> GIVEN RECORDS

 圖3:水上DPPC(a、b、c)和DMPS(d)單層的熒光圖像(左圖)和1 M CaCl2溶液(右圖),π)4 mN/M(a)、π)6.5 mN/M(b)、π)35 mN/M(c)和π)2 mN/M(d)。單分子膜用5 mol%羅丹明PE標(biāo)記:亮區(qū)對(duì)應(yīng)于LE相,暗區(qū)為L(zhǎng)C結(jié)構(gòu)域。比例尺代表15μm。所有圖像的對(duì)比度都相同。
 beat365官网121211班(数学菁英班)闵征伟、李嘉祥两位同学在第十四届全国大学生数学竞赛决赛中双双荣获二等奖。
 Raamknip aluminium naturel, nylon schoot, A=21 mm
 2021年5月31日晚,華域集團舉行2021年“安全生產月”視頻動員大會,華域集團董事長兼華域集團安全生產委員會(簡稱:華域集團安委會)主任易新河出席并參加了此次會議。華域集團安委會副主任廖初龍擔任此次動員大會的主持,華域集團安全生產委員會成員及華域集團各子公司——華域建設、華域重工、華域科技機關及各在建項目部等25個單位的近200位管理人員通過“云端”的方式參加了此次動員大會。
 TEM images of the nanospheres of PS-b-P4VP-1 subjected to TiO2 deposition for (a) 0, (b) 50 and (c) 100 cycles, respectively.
==
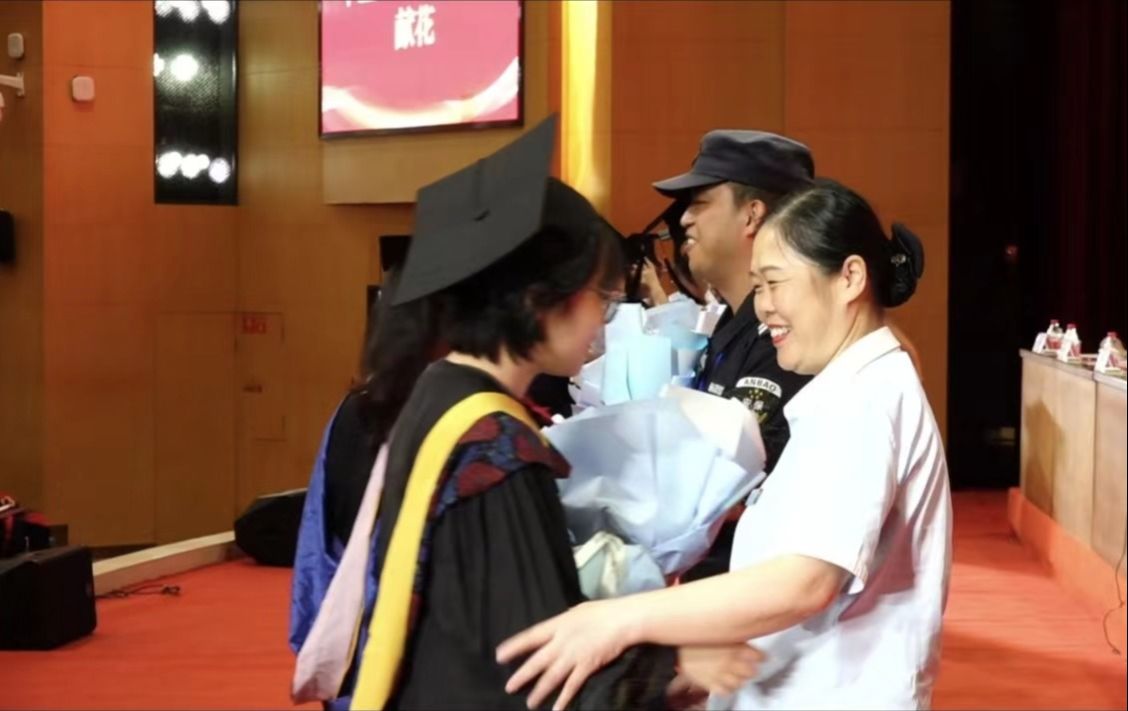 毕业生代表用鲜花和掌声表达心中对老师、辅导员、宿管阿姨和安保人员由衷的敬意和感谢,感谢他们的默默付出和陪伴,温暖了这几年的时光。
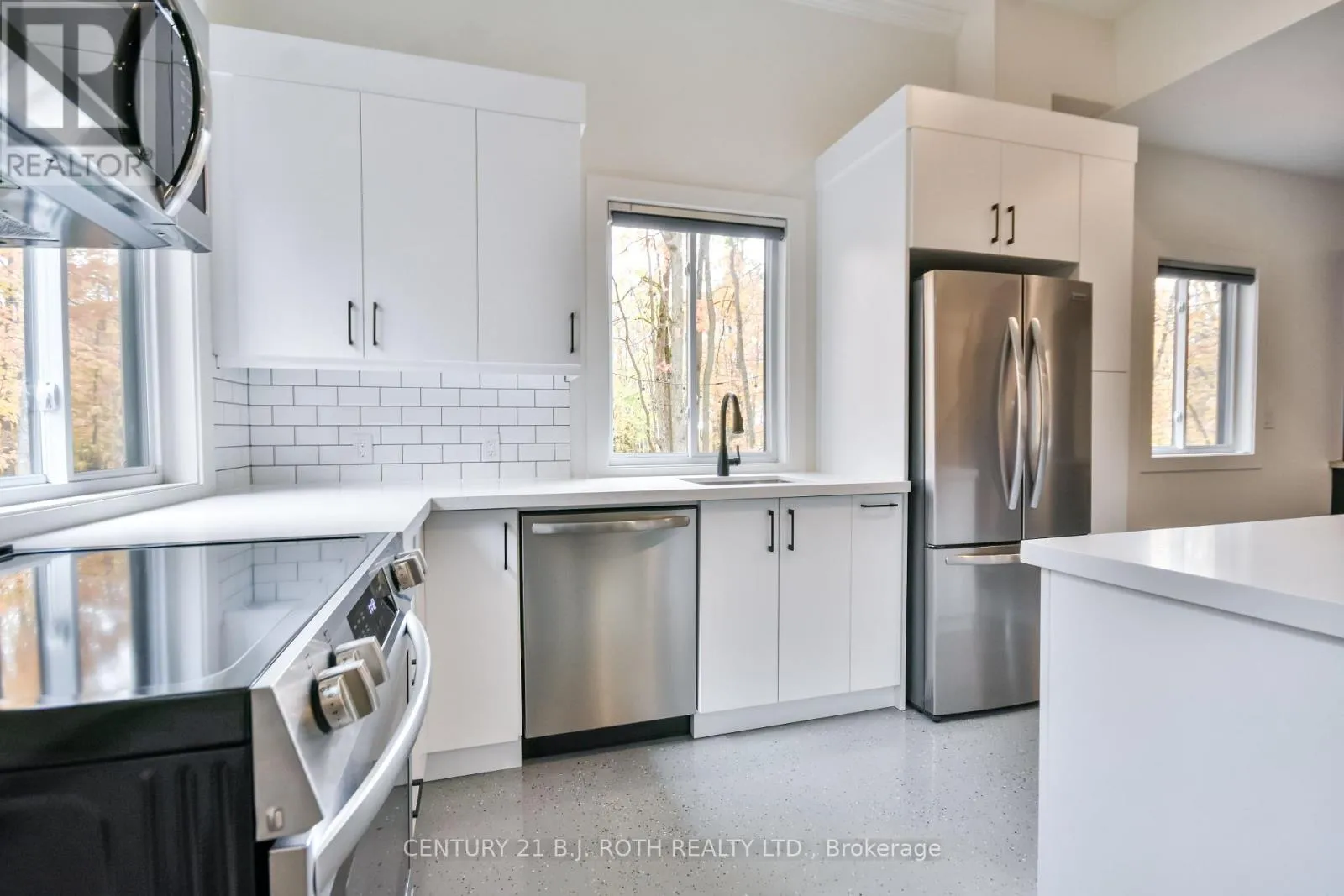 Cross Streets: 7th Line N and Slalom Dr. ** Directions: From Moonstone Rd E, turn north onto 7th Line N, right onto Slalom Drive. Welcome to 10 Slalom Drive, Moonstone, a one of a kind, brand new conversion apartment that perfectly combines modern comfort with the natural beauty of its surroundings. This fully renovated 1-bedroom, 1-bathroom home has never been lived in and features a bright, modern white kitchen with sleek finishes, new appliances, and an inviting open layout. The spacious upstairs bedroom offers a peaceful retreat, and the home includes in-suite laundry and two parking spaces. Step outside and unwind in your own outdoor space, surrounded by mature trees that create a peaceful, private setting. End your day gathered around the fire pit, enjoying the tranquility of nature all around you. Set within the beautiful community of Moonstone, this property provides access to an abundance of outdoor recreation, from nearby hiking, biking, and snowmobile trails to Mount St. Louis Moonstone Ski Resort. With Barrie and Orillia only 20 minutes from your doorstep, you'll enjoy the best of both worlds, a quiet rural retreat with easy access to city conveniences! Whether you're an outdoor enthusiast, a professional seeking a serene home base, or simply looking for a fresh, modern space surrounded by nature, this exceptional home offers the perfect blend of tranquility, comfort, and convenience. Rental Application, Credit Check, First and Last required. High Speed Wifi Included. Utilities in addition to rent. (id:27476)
---
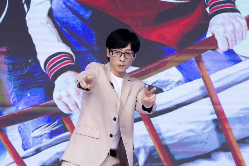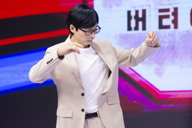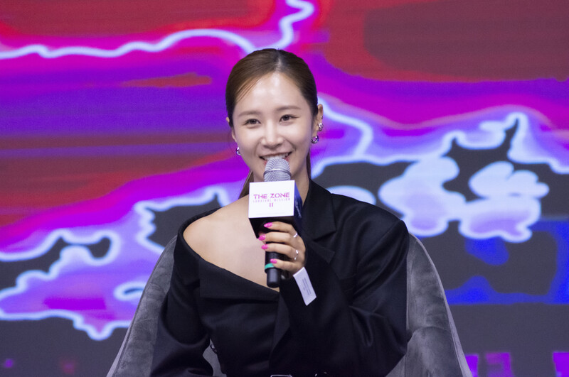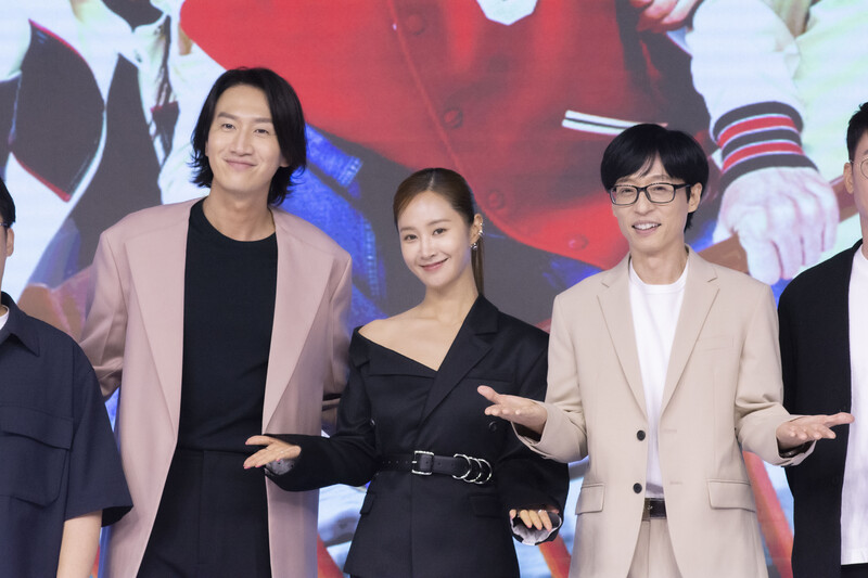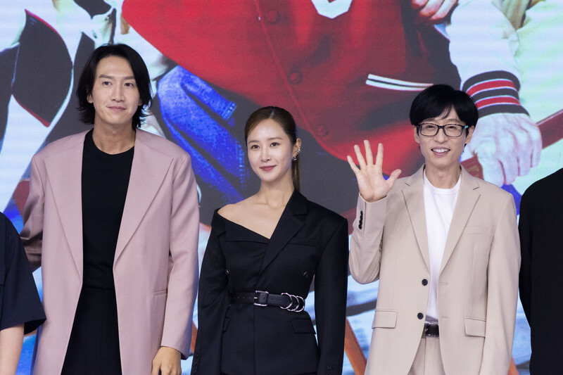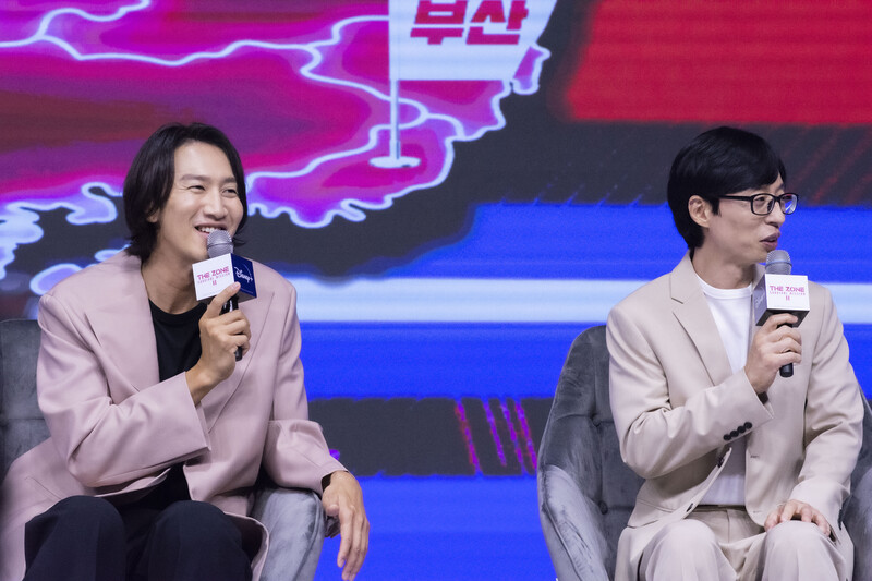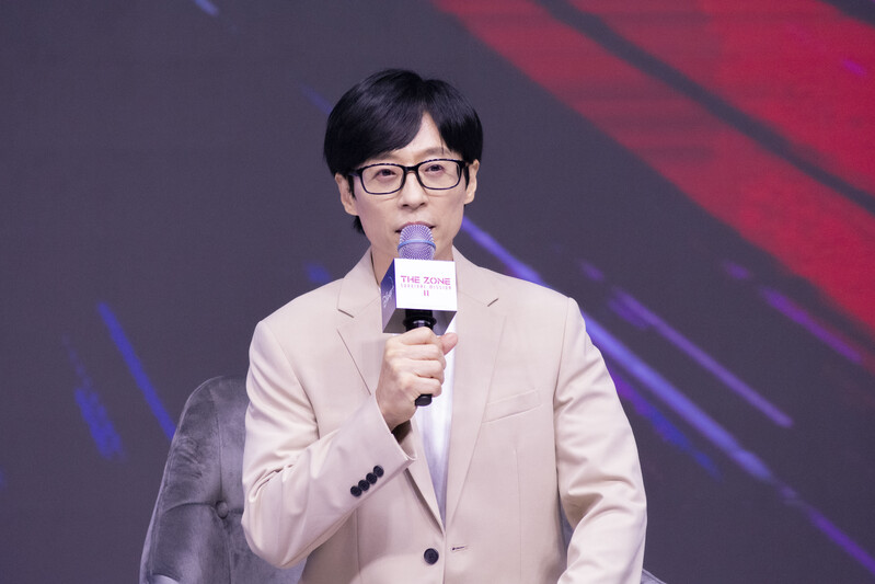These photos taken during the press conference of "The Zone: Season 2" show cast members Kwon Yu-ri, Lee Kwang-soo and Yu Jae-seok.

> WHAT TO PRODUCE
Look above for the line holding "2021年5月31日晚,華域" and the line holding "TEM images of", then output exactly those two lines and every line between them, nothing more.

> RESPONSE AREA
 2021年5月31日晚,華域集團舉行2021年“安全生產月”視頻動員大會,華域集團董事長兼華域集團安全生產委員會(簡稱:華域集團安委會)主任易新河出席并參加了此次會議。華域集團安委會副主任廖初龍擔任此次動員大會的主持,華域集團安全生產委員會成員及華域集團各子公司——華域建設、華域重工、華域科技機關及各在建項目部等25個單位的近200位管理人員通過“云端”的方式參加了此次動員大會。
 TEM images of the nanospheres of PS-b-P4VP-1 subjected to TiO2 deposition for (a) 0, (b) 50 and (c) 100 cycles, respectively.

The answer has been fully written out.